Mind you, I shouldn't sound surprised. This same magazine tells its readers "if you only buy one item of clothing this month, make it this...", presenting a £700 tunic dress as the answer to life's problems. I'm sorry, but do me a favour. I'm fortunate enough to have a well-paid job but by the time I've dealt with the rent and the bills, then put enough money aside to cover my required monthly contribution to Tesco's profitability and have a semblance of a social life, there is no chance that I’ll be shelling out £700 on a tunic dress or the metrosexual male equivalent. I'm all for a bit of aspiration, but the fashion press really do take the piss. I used to buy GQ for a while, and quickly got into the habit of flicking straight past the clothing pages towards the back, as they only ever seemed to contain pictures of skinny, pasty-faced wastrels wearing suits and coats that cost more than my rent. And I live in a 4-bedroom detached with double garage!

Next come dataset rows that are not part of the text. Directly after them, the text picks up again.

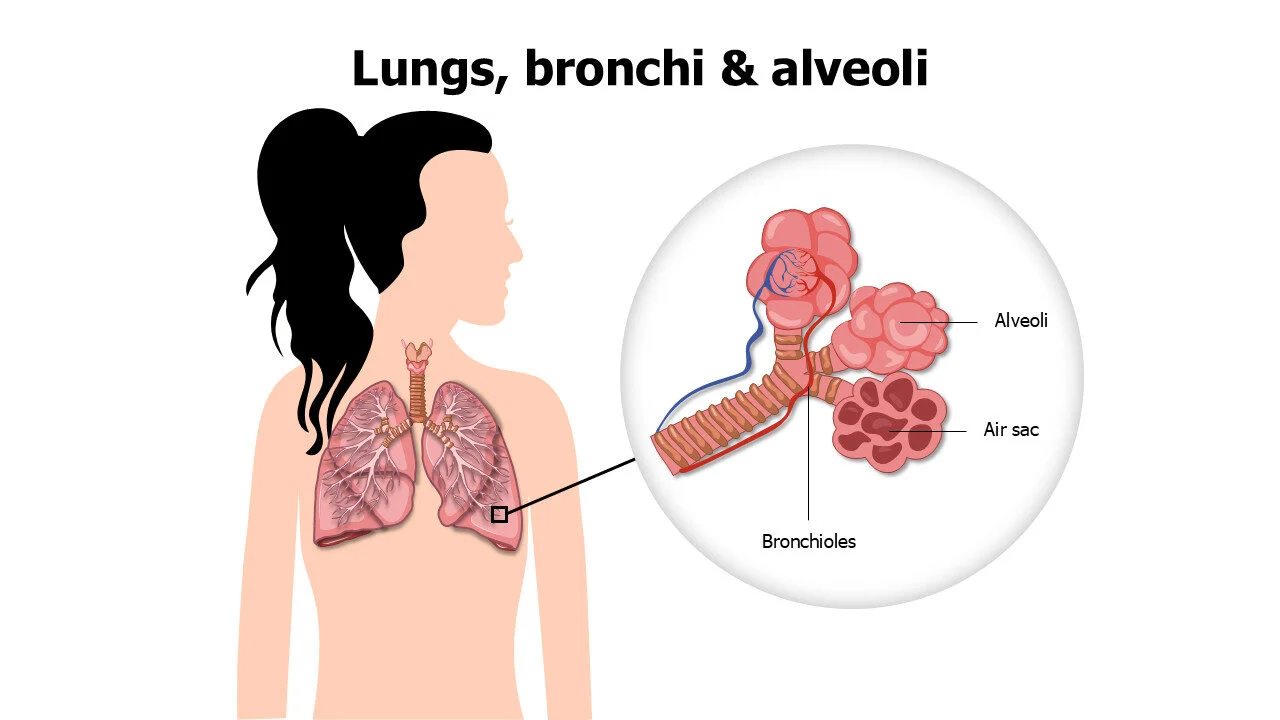 Lungs bronchi and alveoli woman anatomy illustration in a slide.
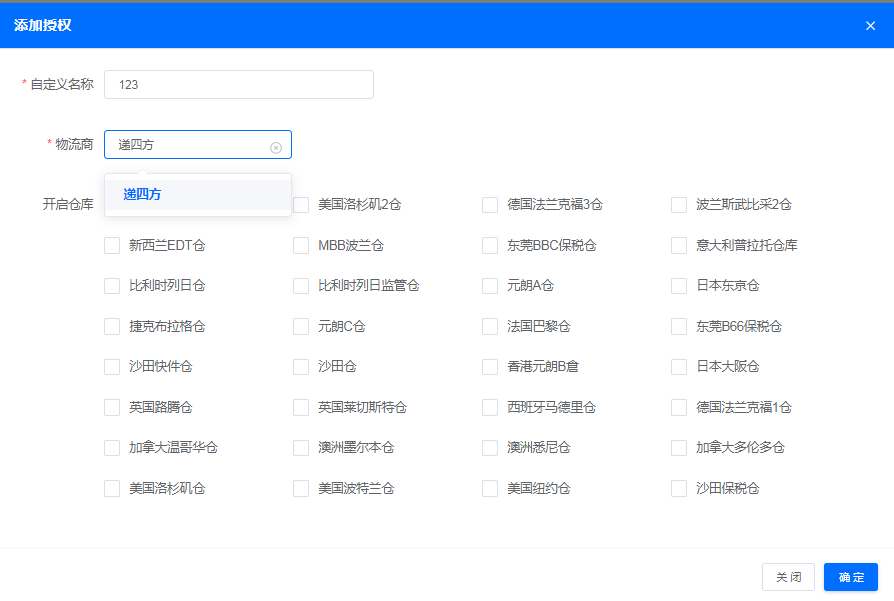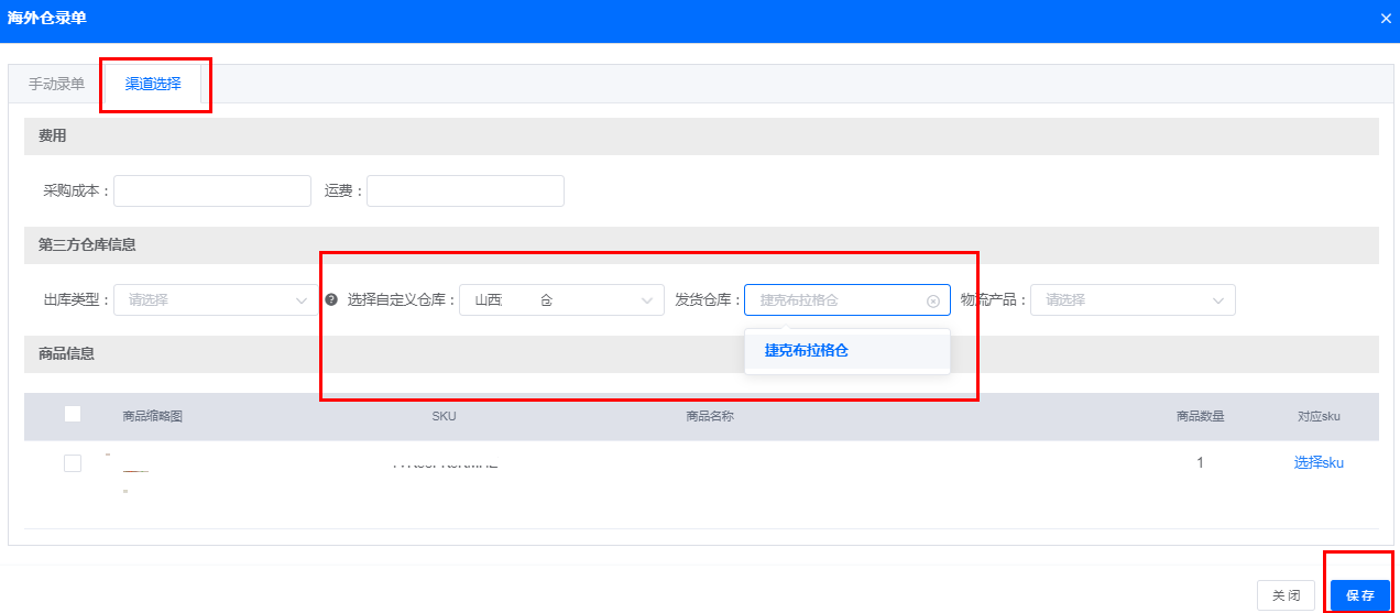 渠道选择——选择自定义仓库——选择发货仓库可查看添加的第三方仓库,选择完成后,点击“保存”即可
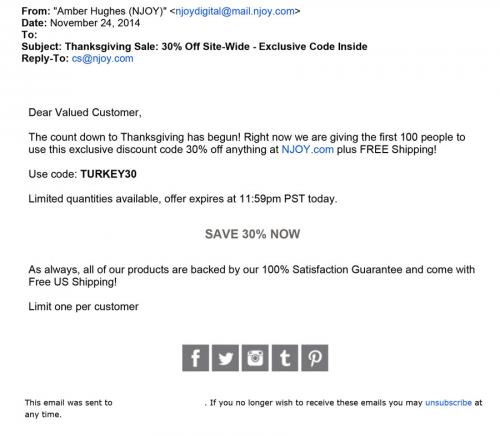 Email received from NJOY on November 24, 2014 promoting a Thanksgiving sale. The first 100 people will receive a 30% discount on the entire site.
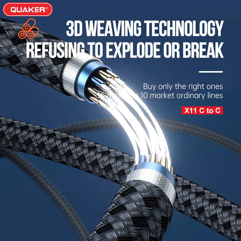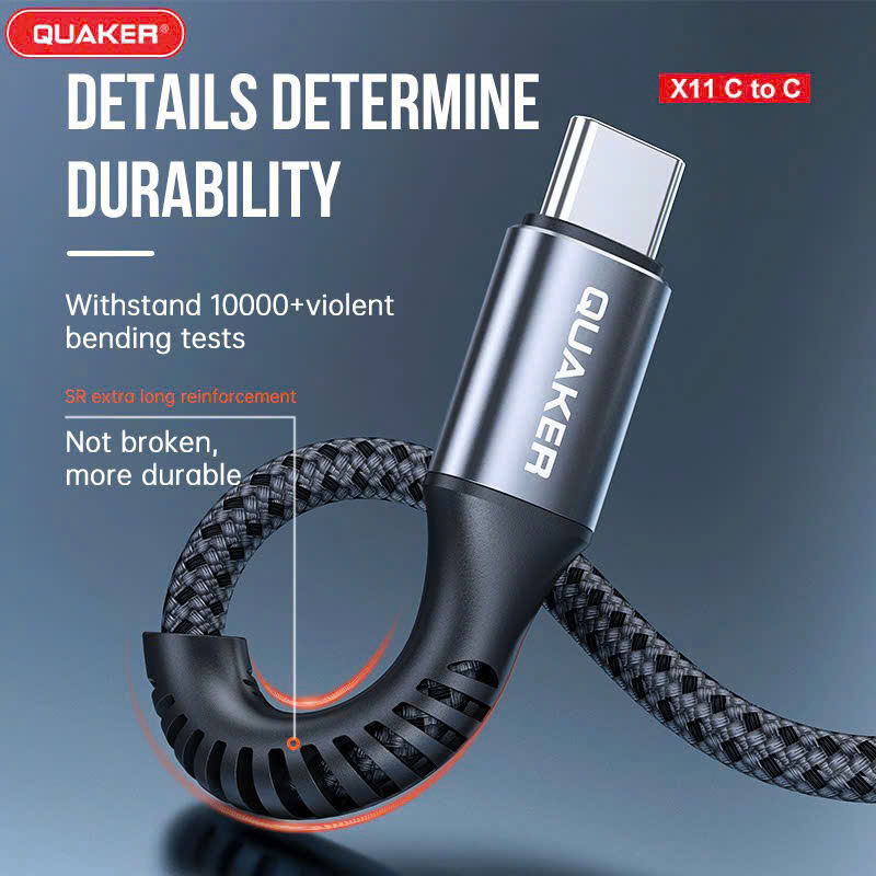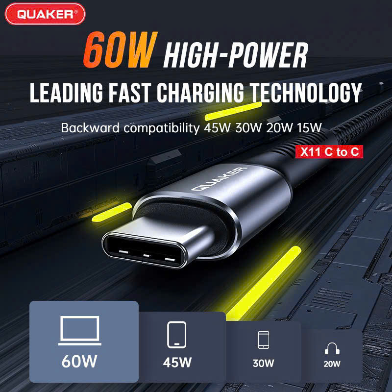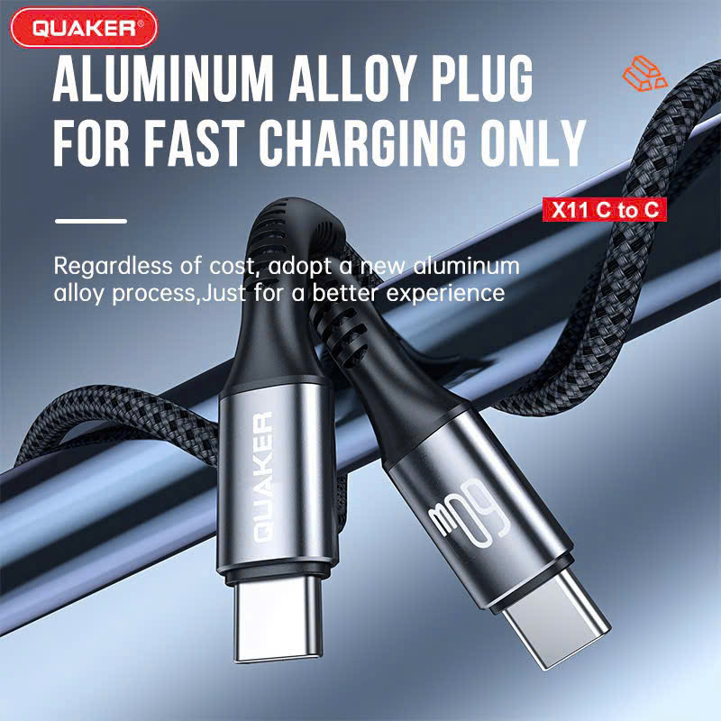 Quaker X11 C to C là dòng cáp sạc nhanh chuẩn PD dành cho các thiết bị sử dụng cổng Type-C như smartphone, máy tính bảng, laptop và pin sạc dự phòng. Với thiết kế dây dù dẹt chắc chắn, hỗ trợ sạc nhanh công suất lên đến 60W và khả năng truyền dữ liệu ổn định, sản phẩm mang đến trải nghiệm sạc an toàn – hiệu quả – bền bỉ theo thời gian.

You can call it clever marketing or edgy anti-marketing, but Dove’s ‘Campaign for Real Beauty’ seems to have hit a chord with people, with its positive messages, celebration of diversity and a renunciation of an ideal standard. Even some of the tosh on the telly like “10 years younger” and “How to look good naked” does make the point that nice clothes are all well and good, but beauty and confidence start with positive self-image.

So there you have it folks. If you only do two things this month, splash out on a nanny and cancel the subscription to Cosmo.

You can spend all that new-found extra time looking in the mirror and reminding yourself how great you look.

Sunday, October 07, 2007

7th October:

Today felt like the first day of Autumn. The weather was actually quite mild, but there was definitely something in the air - an occasional chill in the breeze accompanied by the smell of a wood-burning stove somewhere that seemed to trigger the reflex of putting your hand to your collar and pulling it closed. There was also a palpable sense of melancholy, as if the sight of children kicking through small piles of auburn and brown leaves served as the absolute proof everyone needed that Summer really is over.

I watched squirrels bouncing around in the back garden over a hot coffee early this morning, and marvelled at the fact that the leaves on the tree (whatever it is) seemed to have turned bright red almost overnight. Perhaps that is why Autumn is such a visually rich season - it's nature's way of compensating you for the long dark nights that lie ahead.

Saturday, October 06, 2007

6th October:

There are some things that the world needs. Really needs. Like a sustainable and limitless source of green energy, for example. And then there are things that we probably don't really need, but could really do with having. I'm thinking here of some kind of gizmo that stops you getting what I can only refer to as 'morning hair'.

Regardless of length, cut, style or colour, one thing remains consistent with my hair - I get up in the morning and it looks like it has been set-upon during the night and ritually violated by a team of over-sexed hedgehogs. Which is a real nuisance when you don't want to immediately jump in the shower, the postman rings the doorbell, the wheely bins need taken out, and so on...

The options are therefore twofold: either I choose my preferred styling and have it permanently set in concrete or some bright spark applies himself and comes up with the Instant Barnet Generator (although clearly the name will require a bit more work) to save me from my predicament. I'm sure I'm not a lone sufferer, neither. I'm guessing the problem is a common one, with millions of people terrifying the postmen of this world on a daily basis with their frightwigs. In fact, I'm betting that the only people who don't suffer from this condition are TV and film actors, because they always wake up in the morning looking perfectly coiffed. And they don't answer their own doorbells anyway.

So, come on science! The gauntlet has been thrown down. Find a way of banishing morning hair and revel in the adulation of a generation.

It's got to be easier than stopping global warming.